# Conjugations



## nitavcc

Hello, Do you think it is possible to have some aid to help people conjugate certain verbs? Sometimes I am not sure what verb ending to use in French because of all the irregular verbs.  Perhaps a link to click on to find similar verb patterns?  If this is a herculian task, then perhaps you can refer people to another web site who does it for you?  
This is a great website!


----------



## Jana337

nitavcc said:
			
		

> Hello, Do you think it is possible to have some aid to help people conjugate certain verbs? Sometimes I am not sure what verb ending to use in French because of all the irregular verbs. Perhaps a link to click on to find similar verb patterns? If this is a herculian task, then perhaps you can refer people to another web site who does it for you?
> This is a great website!


Hello,

Do you know www.verbix.com?  It is not perfect, though.

Jana


----------



## el alabamiano

Go here,

 Type in the verb for conjugation, or...

 Click on the French flag which will take you here,

 An alphabet will appear; click on any letter to see an alphabetized list of verbs, color-coded by conjugation type, i.e.

*regular* - *irregular* - *semi-irregular* - *defective* - *impersonal* - *pronominal*

abasourdir abattre etc.

Clicking on those verbs will take you to its conjugated forms (in most cases,) and clicking on the conjugated links will take you (in most cases) to a story, etc., where you can see how it's used in a sentence.

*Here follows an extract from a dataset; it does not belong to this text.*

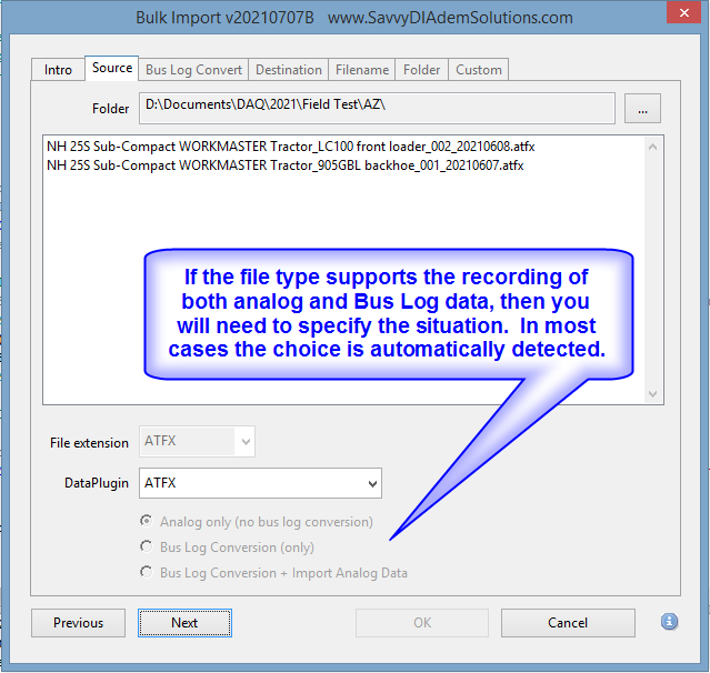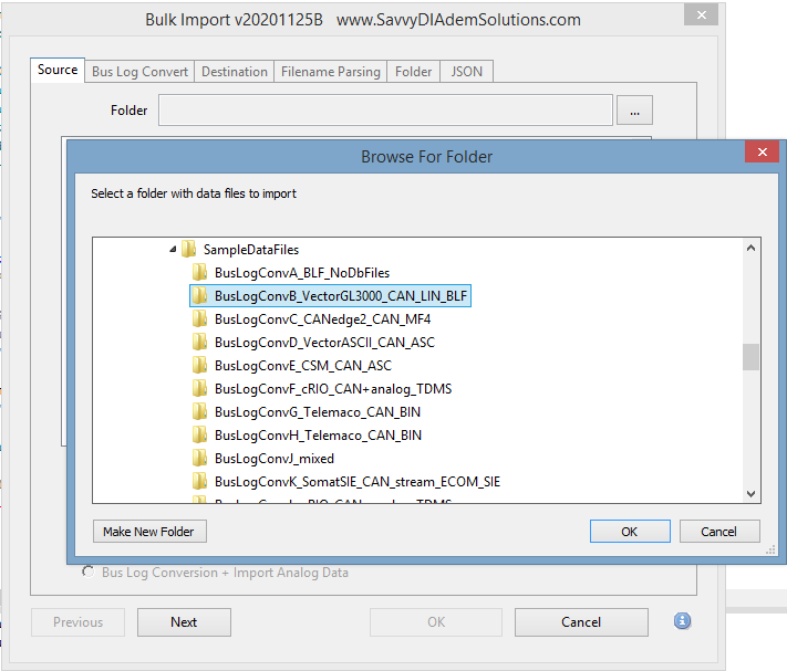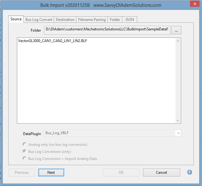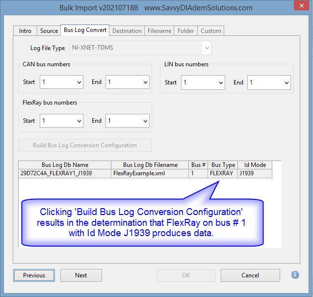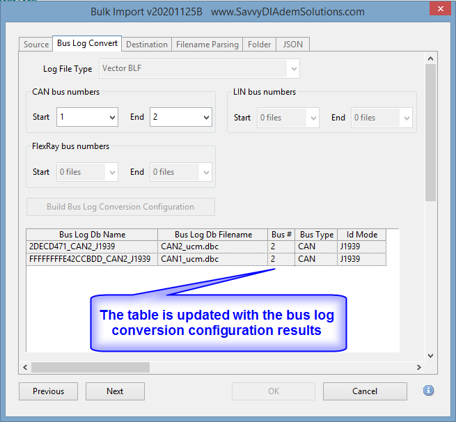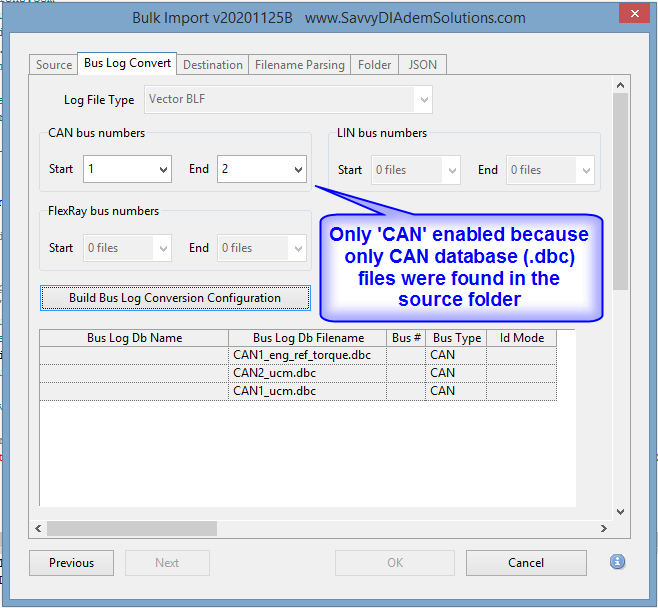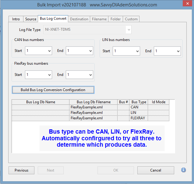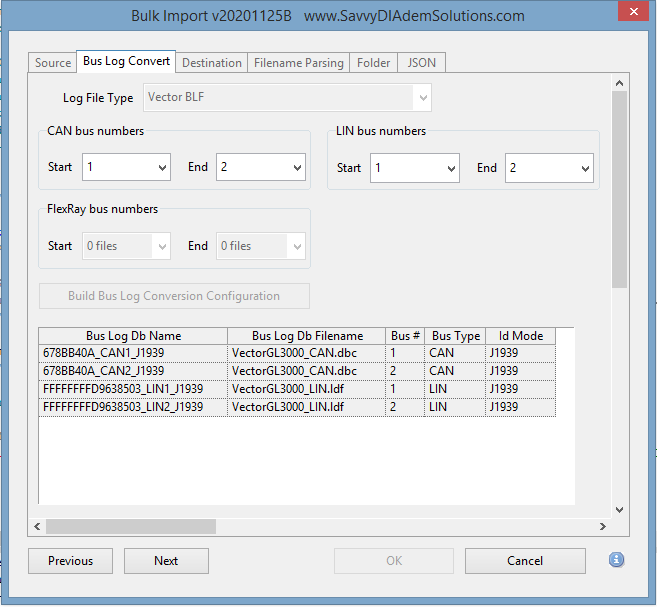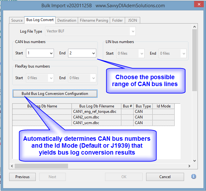 Bus Log Conversion is dramatically simplified by using Bulk Import. Bulk Import will scan the CAN/LIN/FlexRay bus numbers and identify those that yield Bus Log data. It will also determine the ID Mode (J1939 or Default) that produces the best conversion results. See Bulk Import vs Bus Log Converter for a detail comparison by example. The screen images below demonstrate how easy Bulk Import is to use to accomplish Bus Log Conversion.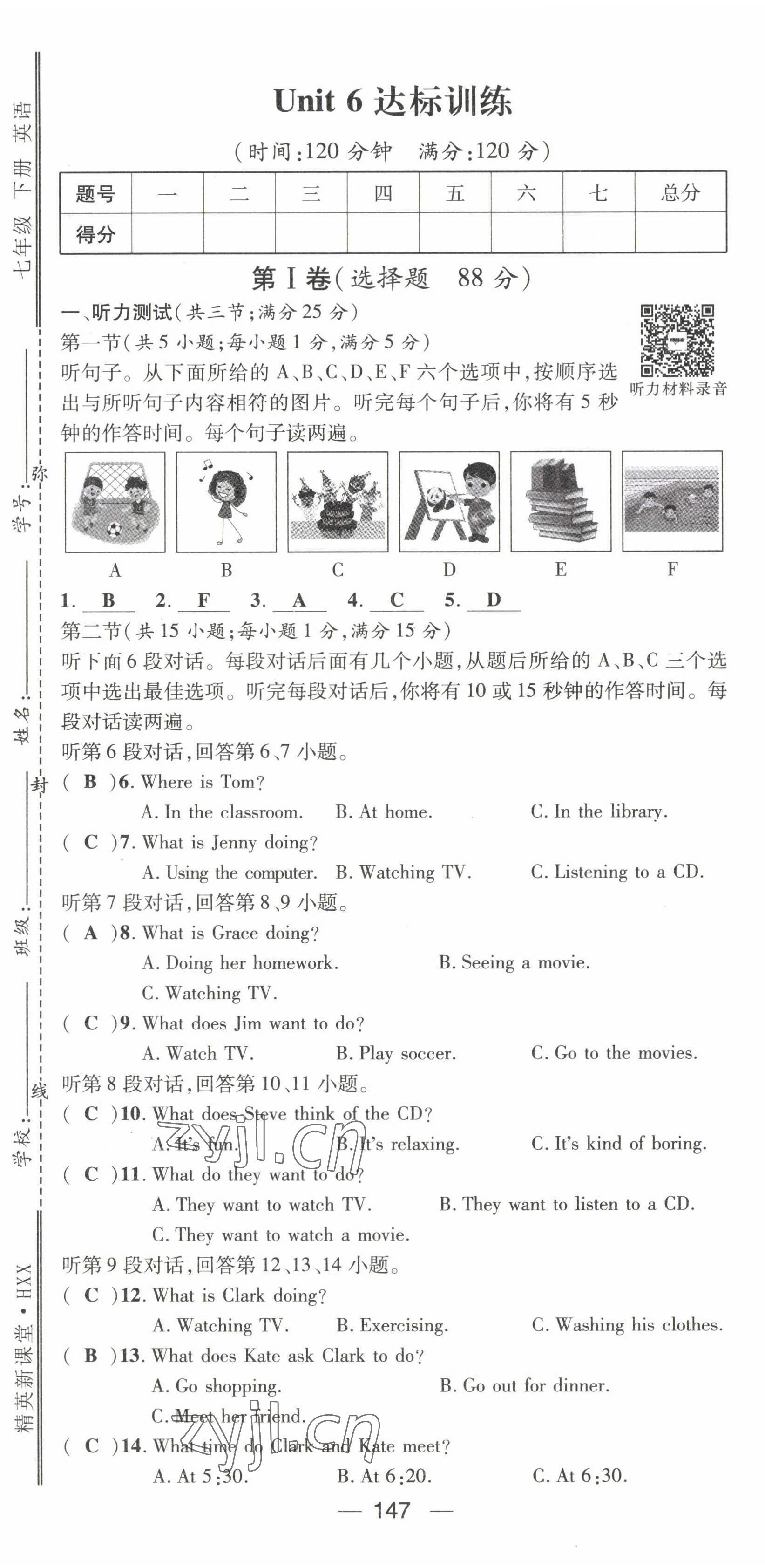 注:目前有些书本章节名称可能整理的还不是很完善,但都是按照顺序排列的,请同学们按照顺序仔细查找。练习册 2022年精英新课堂七年级英语下册人教版黄冈孝感咸宁专版 答案主要是用来给同学们做完题方便对答案用的,请勿直接抄袭。

And, like everything else, not perfect.


----------



## el alabamiano

> _Last edited by Jana337 : Today at 03:14 AM.                 Reason: broken link fixed_


Thanks for following it up. I just tried the link again and got the error message the first time. After a couple more tries, it connected successfully, as it did in Preview mode before I posted. So if anyone else runs into the same snag, just wait a few minutes before trying again.


----------



## Jana337

el alabamiano said:
			
		

> Thanks for following it up. I just tried the link again and got the error message the first time. After a couple more tries, it connected successfully, as it did in Preview mode before I posted. So if anyone else runs into the same snag, just wait a few minutes before trying again.


 Really? My hypothesis was that you first inserted the URL in the body of the text like this: http://www.verba.org/verbi_utf8/all_verbs_index_ar.html
But it is quite long, so the software did something like http://www.verba.org/owa-verb/...lang=en, which you copied afterwards. It sometimes happens in the stickies.

Jana


----------



## el alabamiano

No, even though I know what you mean. For some reason now, there's a space being forced between the link like this .....lang=FR&tota%20l_verb=8466. It should be .....lang=FR&total_verb=8466

I re-edited the original link and, after clicking, it forced the space again. Here's the link, software-shortened as it should be:

http://www.verba.org/owa-verb/verba_dba.verba_main.create_lang_page?lang=FR&total_verb=8466


----------



## el alabamiano

NOTE: After a re-re-re-edit, the original link is working properly at this time.

_Re re re your boat, gently down the stream.  Merrily, merrily, merrily, merrily; life is but a drea%20m._


----------



## mkellogg

Hopefully someday soon I'll have a verb conjugator up and running here...

Mike


----------



## Kelly B

Here's another one: http://www.leconjugueur.com/


----------